The National Curriculum was introduced 30 years ago this week.

Part of the Education Reform Act 1988, which was given royal assent on 29 July 1988, the legislation sought to standardise teaching in schools across England, Wales and Northern Ireland.

While the intention of ensuring students nationwide received instruction of even quality over the same modules was a noble one - making a pupil’s experience less of a lottery at the mercy of a particular teacher’s taste - critics of the curriculum argue that, in practice, repeating the same texts year after year can be a deadening business that does no one any favours.

Just ask John Keats or the Metaphysical poets.

With that in mind, here’s our round-up of the books most ill-used by English teachers and their classes alike.

To Kill a Mockingbird (1960)

This American favourite from Harper Lee addressed themes of race and injustice still pertinent in US society today and unquestionably deserves it places in the classroom.

Even students who do not pursue reading as a leisure activity after graduation remember Lee’s principled Alabama attorney Atticus Finch – seen through the eyes of his daughter Scout – as he comes to the aid of falsely accused black defendant Tom Robinson in the courtroom.

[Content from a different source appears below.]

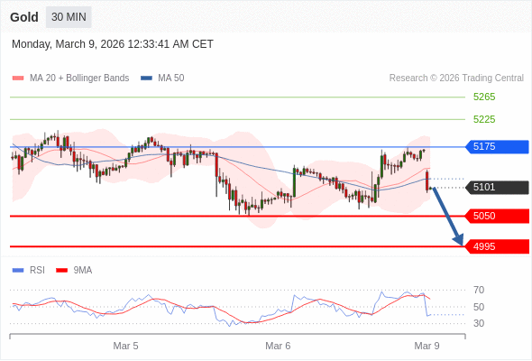 在 5175 之下,看跌,目标价位为 5050 ,然后为 4995 。

Harper Lee’s To Kill a Mockingbird (Laura Cavanaugh/Getty) (Laura Cavanaugh/Getty Images)

Memorably played on screen by Gregory Peck, the work is also earnest to a fault and, as propaganda for lawyers, deserves to be taken with more than just a pinch of salt.

Lord of the Flies (1954)

A novel with much to say about the innate barbarity of man, a subject with which its GCSE level readership should already have firsthand experience, William Golding’s work is bleak indeed and something of a slog.

But the tale of Ralph, Jack, Piggy and their classmates forming their own tribe on a desert island before tearing themselves apart in a fury of self-destructive occult violence might be repurposed as a Brexit allegory, I suppose.

A Streetcar Named Desire (1947)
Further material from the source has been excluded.